Beginning Season Four of Westworld, I was not sure what to expect.
I had loved the first two seasons but found Season Three to be a drop in quality, and I hoped that Season Four would return the show to its former glory.
For a time, it did exactly this, before falling back into old mistakes.
The Fourth Season picks up years after the events of Season Three, with various characters in different situations.
Caleb Nichols (Aaron Paul) now has a family but after they are threatened by Charlotte Hale (Tessa Thompson) and host William (Ed Harris), he teams up with Maeve (Thandie Newton) to take the two down once and for all.
Meanwhile, Bernard (Jeffrey Wright) awakens from his journey in the Sublime and, armed with knowledge of what is now to come, goes on a mission with Stubbs (Luke Hemsworth) to save the fates of humanity and the hosts.
Most mysterious of all, a new version of Dolores (Evan Rachel Wood), named Christina, is working at a video game company, yet slowly coming to realize that there is more to her world than it seems. 

Dolores is somehow back in Season Four. Her storyline across the season gradually reveals why this is, to mixed results by the end.

The first episode which established the various plot lines admittedly did very little to grab me.
Episodes Two and Four, however, did a much better job of getting me back into the show, and this all built up to Episode Four, “Generation Loss”, which got me back on the Westworld hype train.
“Generation Loss” made me feel the exact same way I did when watching the first two seasons of the show and the subsequent episodes kept up this level of engagement, supported by the great score from Ramin Djawadi, and fantastic performances from practically every cast member.
Of the old cast, the best of the bunch is definitely Aaron Paul, who delivers an amazing performance throughout as Caleb. 

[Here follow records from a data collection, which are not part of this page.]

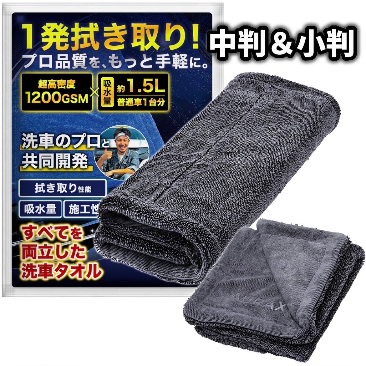【個別発送】AURAX洗車タオル グレー (中判&小判セット)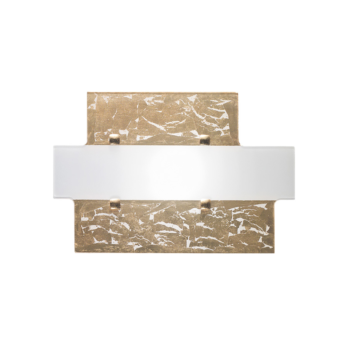 Lampada a soffitto e da parete in vetro extra chiaro temperato lucido, dalla particolare forma geometrica. Struttura in metallo verniciato bianco. Disponibile in tre dimensioni e relative potenze e in finiture: bianco satinato, foglia oro e foglia argento. Cablata con attacco E27 che consente di montare lampadina LED.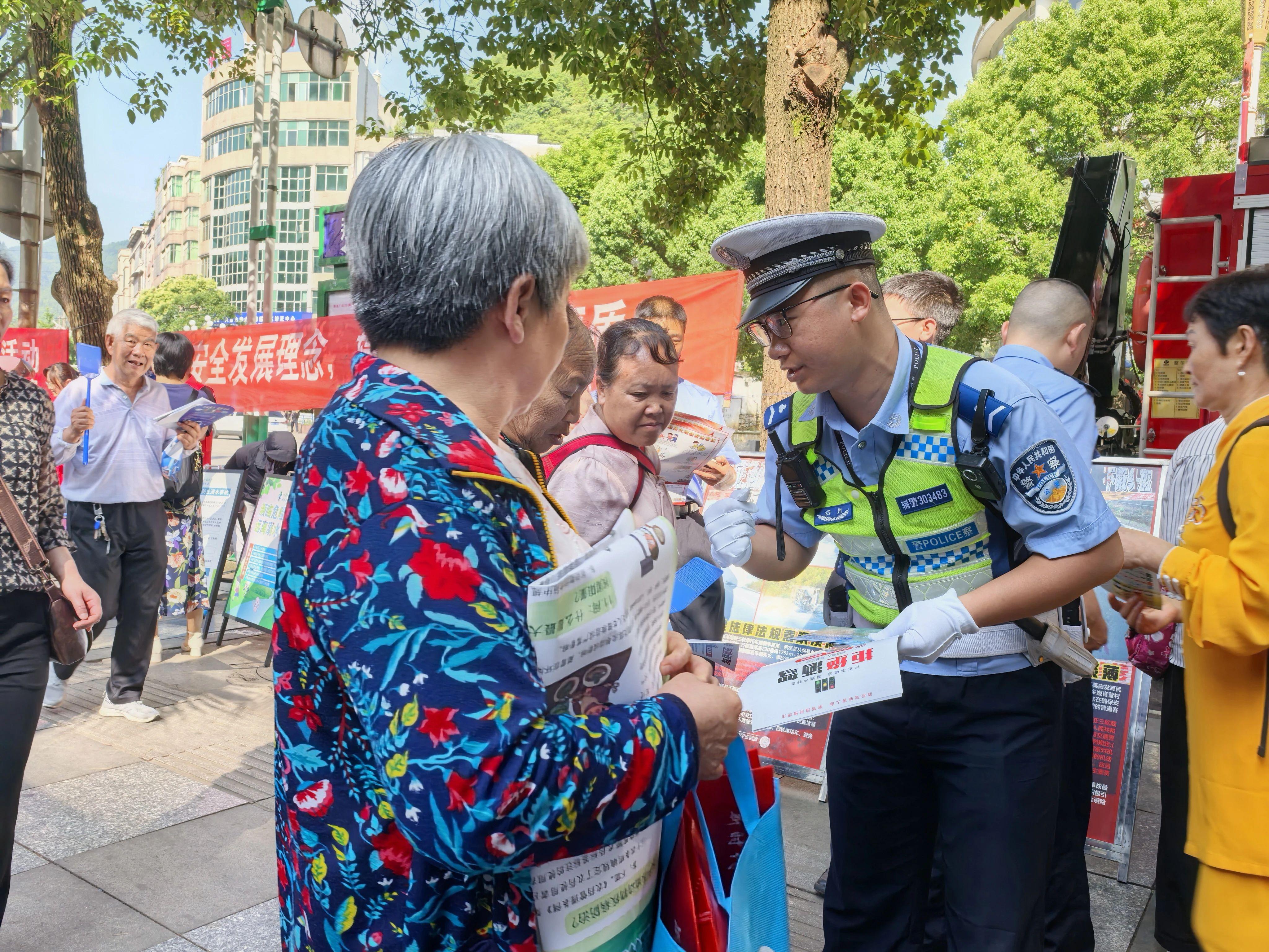 活動(dòng)現(xiàn)場(chǎng),氣氛熱烈而有序。民警通過(guò)多種形式向過(guò)往群眾宣傳安全生產(chǎn)相關(guān)知識(shí)。交警部門重點(diǎn)圍繞道路交通安全展開宣傳,現(xiàn)場(chǎng)設(shè)置了交通安全宣傳展板,展示了近年來(lái)因不遵守交通規(guī)則而導(dǎo)致的交通事故案例,以直觀的畫面讓群眾深刻認(rèn)識(shí)到遵守交通法規(guī)的重要性。同時(shí),交警還向群眾發(fā)放交通安全宣傳手冊(cè),倡導(dǎo)大家遵規(guī)守法明理、安全文明出行。治安部門則聚焦消防安全、防溺水安全以及防電信詐騙等內(nèi)容開展宣傳,提醒群眾提高自身防范意識(shí)和應(yīng)急處置能力。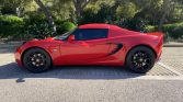 This 2006 Lotus Elise is finished in Ardent Red over a black interior, and power is provided by a 1.8-liter inline-four paired with a six-speed manual transaxle. Equipment includes a removable black soft top and a color-matched hardtop, air conditioning, a push-button start, and four-wheel disc brakes with cross-drilled rotors. Replacement tires were mounted, the engine computer received a software update, and a recall was performed on an oil cooler line in 2020.
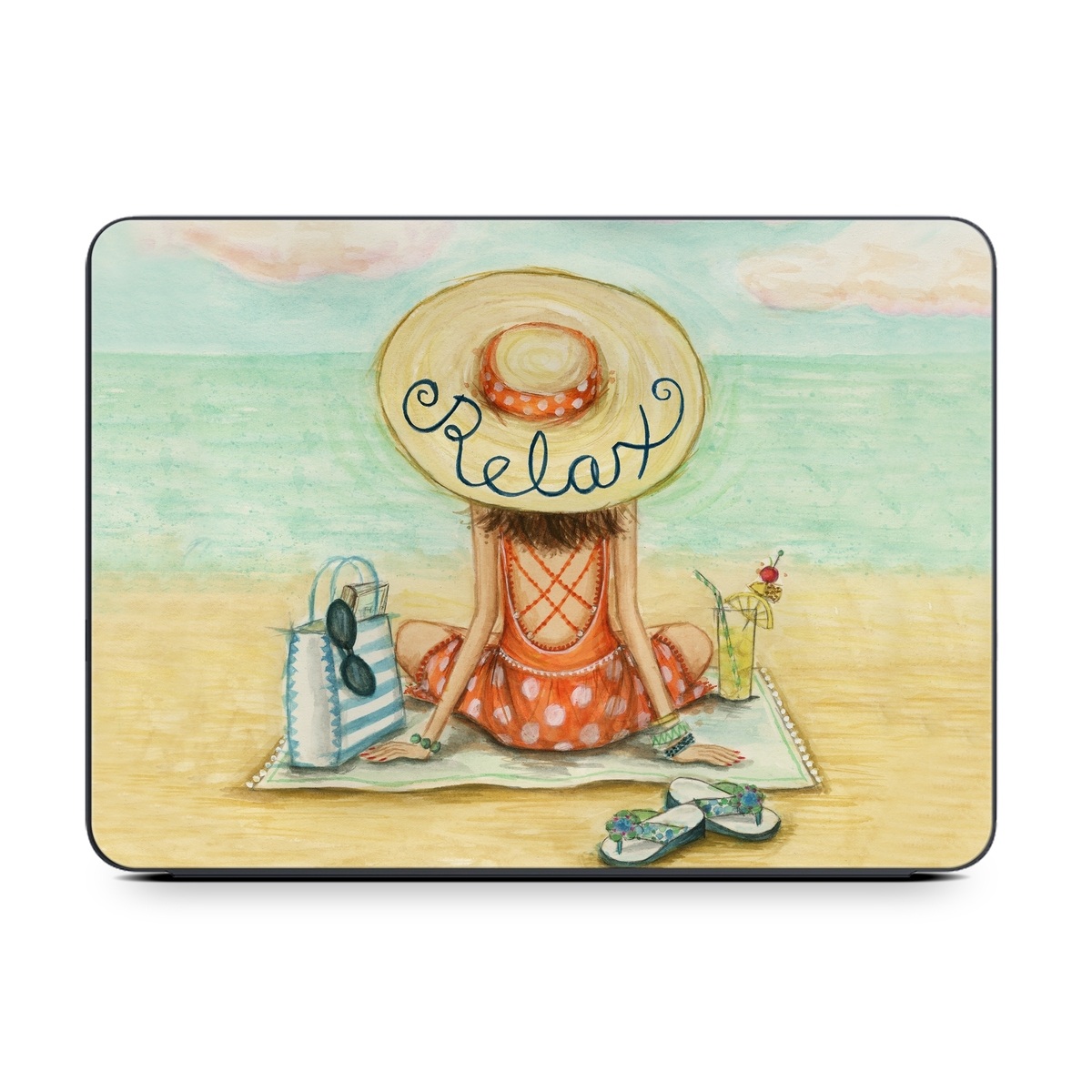 iStyles Smart Keyboard Folio for iPad Series Skin design of Illustration, Cartoon, Watercolor paint, Art, Drawing, Child art, Sketch, Paint, Still life, with white, yellow, blue, red, black, yellow colors, and tagged with people, fineart, nature, objects, beach, drawn, fashion, handdrawn, ocean, sand, summer, vacation, water, drink, cocktail, sunglasses, bag, mat, hat, clouds, sea, sand.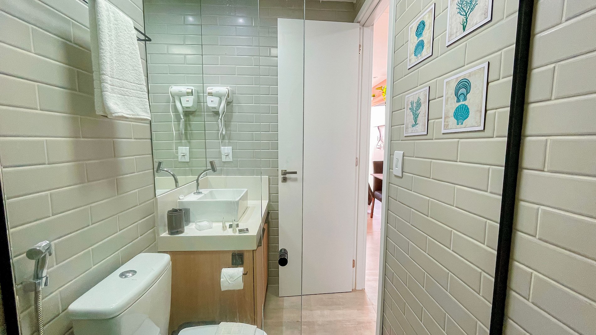 Living provides bed and bath linens, as well as complimentary amenities. The flat features air conditioning, a Smart TV, and a dining table with chairs. The kitchen includes utensils for meal preparation, such as a sandwich maker, cooktop, pots, and a coffee maker. The apartment also has a hairdryer. The building offers a pool and a laundry room available for guests. We provide a crib, hammock, and beach chairs, SUBJECT TO AVAILABILITY.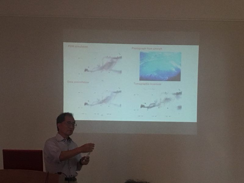 此次报告的主题为:Field Application of Coastal Acoustic Tomography (CAT),金子新教授是最早利用ADCP从事海洋观测的研究者之一,也是最先在世界上组织开发了沿岸海洋声层析系统装置,并展开了多次海洋观测实验,取得了丰硕的成果。报告上,金教授向大家简要介绍了沿海声层析系统装置的基本原理,主要讲述了该技术的应用领域并分享了自己近年的研究成果,最后他提出了对该技术的未来展望。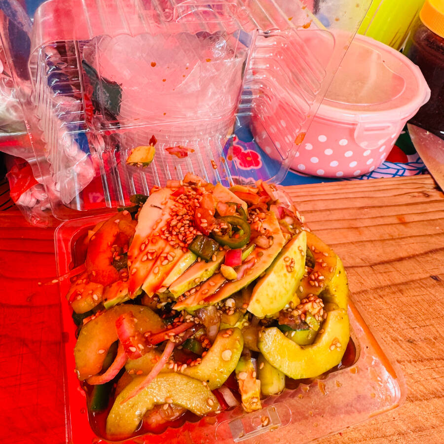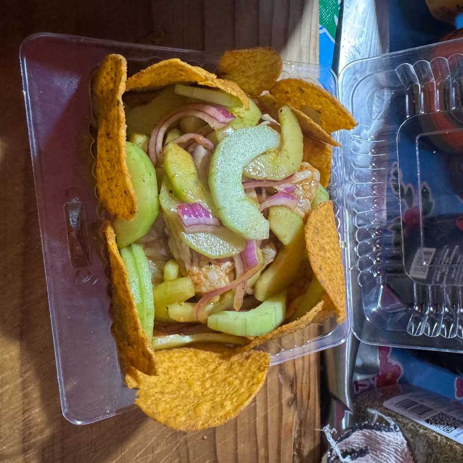 Camaron crudo o cocido, cebolla morada, pepino, salsas a eleccion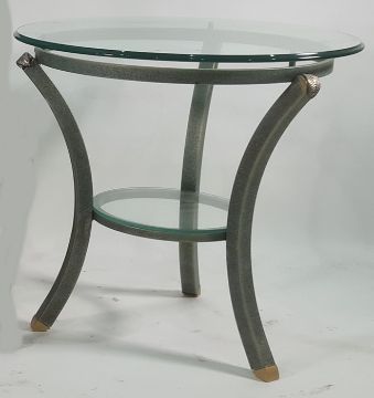Circular coffee table with glass top, on metal base, in the Egyptian taste, 59cm diameter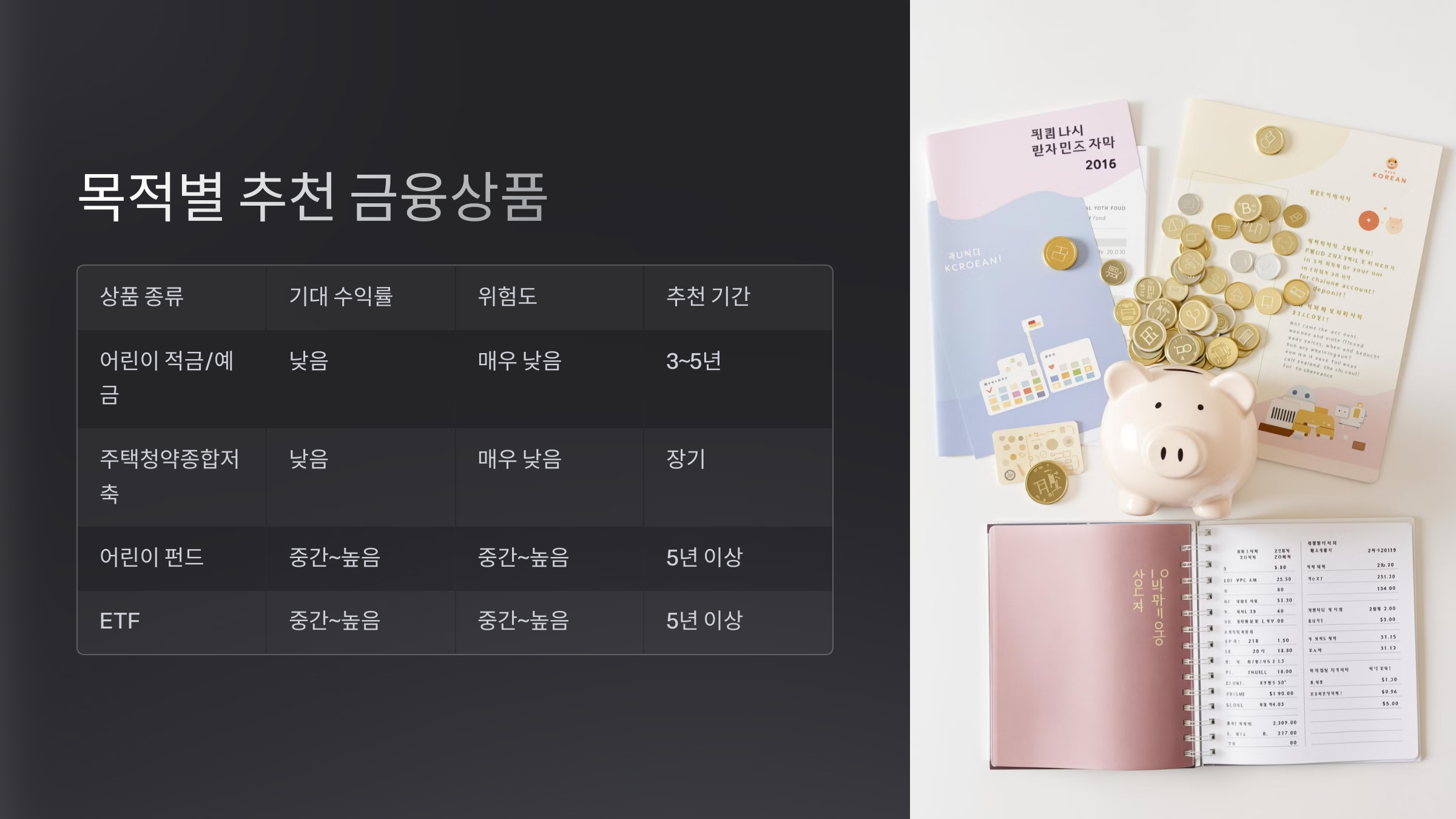 | 상품 종류 | 주요 특징 | 기대 수익률 | 위험도 | 추천 목표/기간 | 핵심 활용 팁 (지원금 연계) |
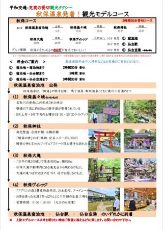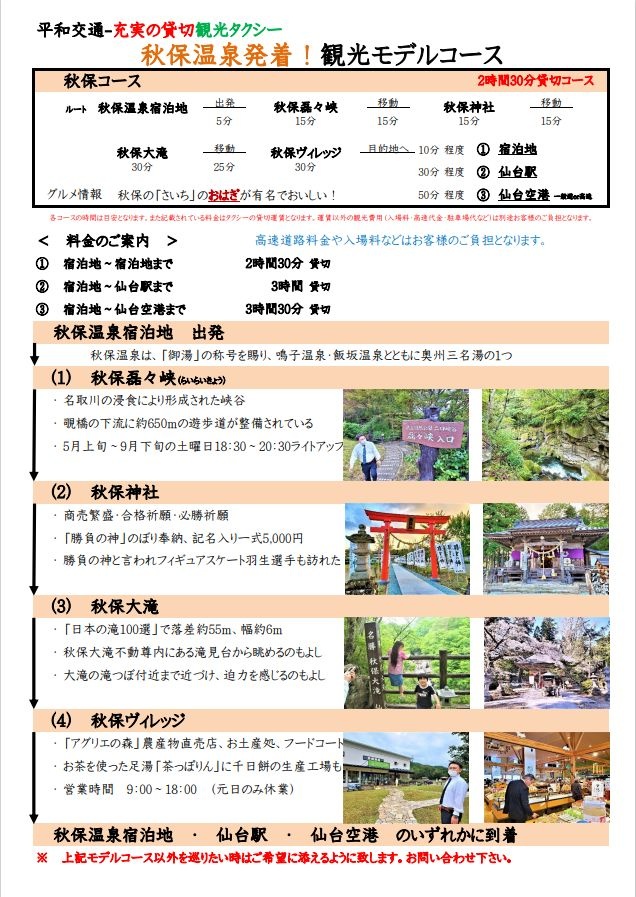 北海道交运事业协同组合的和平交通 - 秋保温泉的到达和离开!观光示范课程页面每门课程的信息 秋保温泉出发/到达 秋保路线(2小时30分钟~私人路线)秋保温泉出发/到达的路线 <所需时间>约2小时30分钟~<旅游行程>秋保温泉住宿出发↓秋保来来峡↓秋保神社↓秋保瀑布↓秋保村↓秋保温泉住宿、仙台站、仙台机场<价格>标准车 2小时30分钟包车到秋保温泉住宿 16,000 日元 预订和信用卡支付3小时包车到仙台站 19,200 日元 预订和信用卡支付3小时30分钟包车到仙台机场 22,400 日元 预订和信用卡支付 大型 2小时30分钟包车到秋保温泉住宿 24,400 日元 3小时包车到仙台站 29,280 日元 3小时30分钟包车到仙台机场 34,160 日元 返回列表分享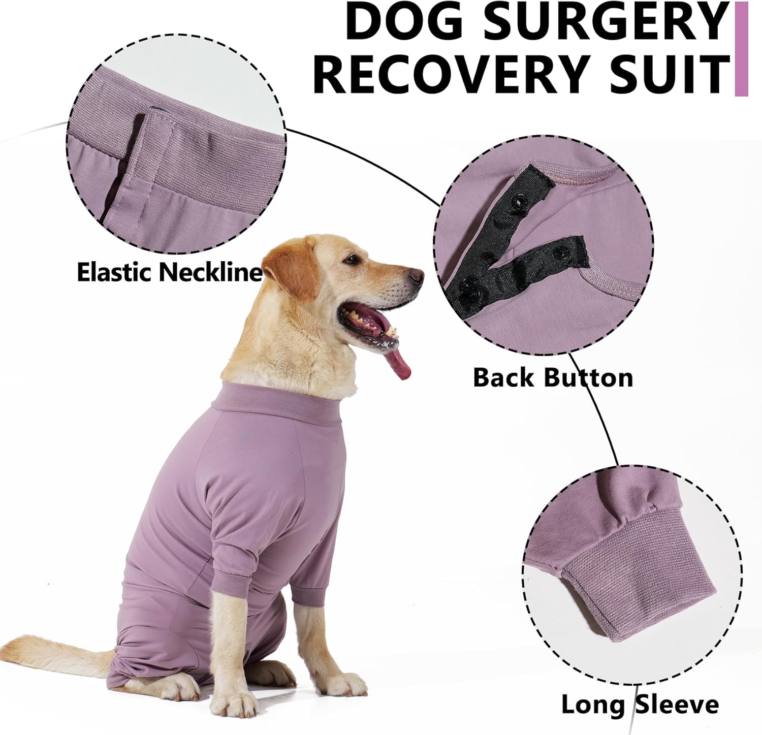 LIANZIMAU Следоперативно боди за кучета за женски и мъжки кучета - Хирургично боди с дълъг ръкав за женски и средно големи кучета, еднокомпонентен възстановяващ костюм, алтернатива на конус за врата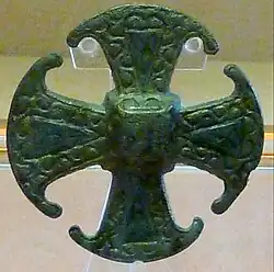 - ↑ D'après la description fournie par le Canterbury Heritage Museum : « Cast in bronze with incised decoration and with applied silver triangles engraved and filled with niello enamel to give subtle contrasts of colour. »

Aaron Paul’s performance this season is among the best in all of Westworld.

As for the new characters, Aurora Perrineau is a welcome edition to the cast and I liked her role and performance.
Then there is the returning cast from the older seasons where, surprisingly, I would say that Teddy (James Marsden) really stands out.
I was someone who was not attatched to the character all that much in the first two seasons but he was honestly one of my favourite this season.

The first few episodes featuring Teddy made me care about him more than the first two seasons of Westworld ever did.

What with all of the great acting and story telling from Episode Four onwards, I was expecting Season Four of Westworld to have a great ending, which would at least put it on par with Season Two for me.
Then we got the last two episodes, which dropped the ball, in my opinion.
I was really not a fan of the direction these last two episodes went, as it felt like they had twists just for the sake of having them.
A lot of the character fates also felt quite stupid, in particular Maeve’s and Stubbs’.

The way Stubbs’ character concluded for this season was both abrupt and unceremonious.

Not to mention there was a lot of convenience in the final episodes, with quite a few fights in the final episode suffering from bad logic.
As for the ending of the season itself, it left me feeling as lukewarm as the ending to Season Three did.
All in all, this made Season Four quite the conflicting experience for me.
It started off slow but, by Episode Four, felt like it had reached the same high quality of the first two seasons, only to stumble at the finish line with the last two episodes.
I would rank Season Four above Season Three but below Seasons One and Two.
I just hope Season Five can be great throughout but, at this point, I would not hold my breath.